Wrong. This month, editors at Yale University Press decided to strip all illustrations – including the cartoons – from Jytte Klausen's book. They reportedly gave Klausen, a Danish native and professor of political science at Brandeis University in Boston, an ultimatum: no illustrations or no book. So, bizarrely, even an academic tome that contextualises the Danish cartoons furore will shortly be published without any of the Danish cartoons.
But it is not any Islamic, fire-wielding mob that is forcing the academy, the Fourth Estate and the publishing houses of the Western world to strike a blue pen through allegedly outrageous cartoons and words; rather it is cultural cowardice in the West itself, over-caution amongst the supposed guardians of ideas and arguments, that leads to the removal of offending material.
There were no keffiyeh-wearing protesters banging on the doors of Yale University Press. Rather, the institution of Yale itself – one of whose professors has previously claimed that "if we stand for anything, we stand for the free expression of ideas" – decided pre-emptively to remove the illustrations "just in case". This kind of pre-emptive censorship – springing from institutional cowardice but presented as a necessary measure to placate imagined hordes of angry Muslims – is widespread today.
Last year Random House decided not to publish Sherry Jones' novel The Jewel of Medina, which tells the story of Muhammad's relationship with his 14-year-old wife Aisha, after one academic reader said it "might be offensive to some in the Muslim community". Following the Danish cartoons controversy, the Hull Truck Theatre Company rewrote a play called Up on the Roof and changed a Muslim character to a Rastafarian. Also in our PC era (that's Post-Cartoons), the Barbican cut sections of its production of Tamburlaine the Great for fear of offending Muslims and the Royal Court Theatre in London cancelled an adaptation of Aristophanes' Lysistrata which was set in a Muslim heaven.

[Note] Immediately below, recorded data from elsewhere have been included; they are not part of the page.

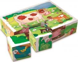 Permiteți copiilor să își creeze propria fermă cu ajutorul cuburilor noastre de lemn de înaltă calitate. Setul conține 12 cuburi, utile nu doar pentru construirea de imagini, ci și ca material pentru construirea unor turnuri sau stive.
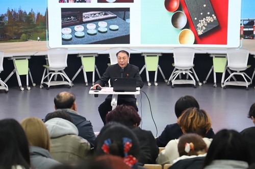 11月6日下午,艺术学院在全景教室举办“故宫文创设计专题交流活动”。活动特邀中国书画院院士、中国王羲之书画研究院执行院长左东旭教授主讲,全国劳动模范、我校产业教授皮进军同时受邀出席活动。艺术学院全体班子成员、师生代表参加活动。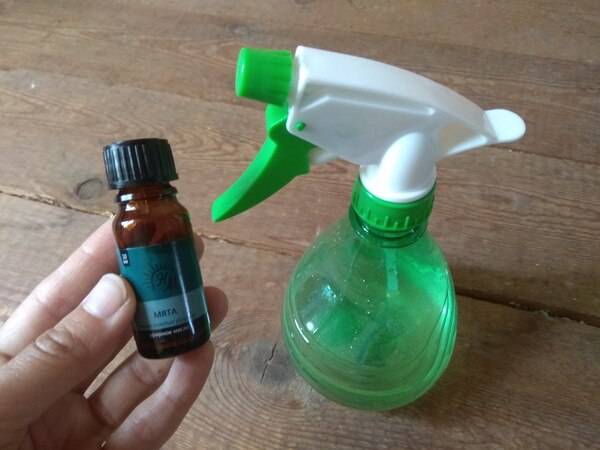 - Добавьте в воду эфирное масло (10-30 капель на стакан воды, т.е. достаточно концентрированно), добавьте столовую ложку спирта (водки) и обрызгайте этим раствором из пульверизатора все подозрительные места.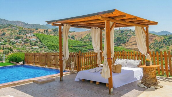 En un nivel más bajo, al que se puede llegar por medios de unos escalones o de una rampa, se encuentra la amplia zona exterior con piscina, tumbonas, parasoles y mobiliario, además de una confortable cama balinesa para descansar y relajarse al máximo nivel. En la zona exterior, también encontrarás un aseo y una mesa de ping-pong.

In each case, it wasn't threats or actions by agitated Muslims that gave rise to censorship; rather elite fear of agitated Muslims generated self-censorship.
The concern about what "might be offensive" to Muslims, the fear of gangs of angry protesters, is best understood as an externalisation of the cultural elite's own internal doubt about art, debate and argument today. They project their uncertainty about what is sayable and unsayable, and whether it is ever okay to be offensive, on to an imagined mass of seething Muslims.
Of course some Muslims protested, particularly over the Danish cartoons. But these protests, too, are a consequence of today's tiptoeing culture of offence-avoidance. At a time when we are continually told that words can hurt fragile communities, when the Government passes Religious Hatred legislation, when publishers pull books or erase pictures in case they might upset people, we effectively give small groups a licence to be offended, to stand up and say: "Those cartoons did hurt me. Destroy them."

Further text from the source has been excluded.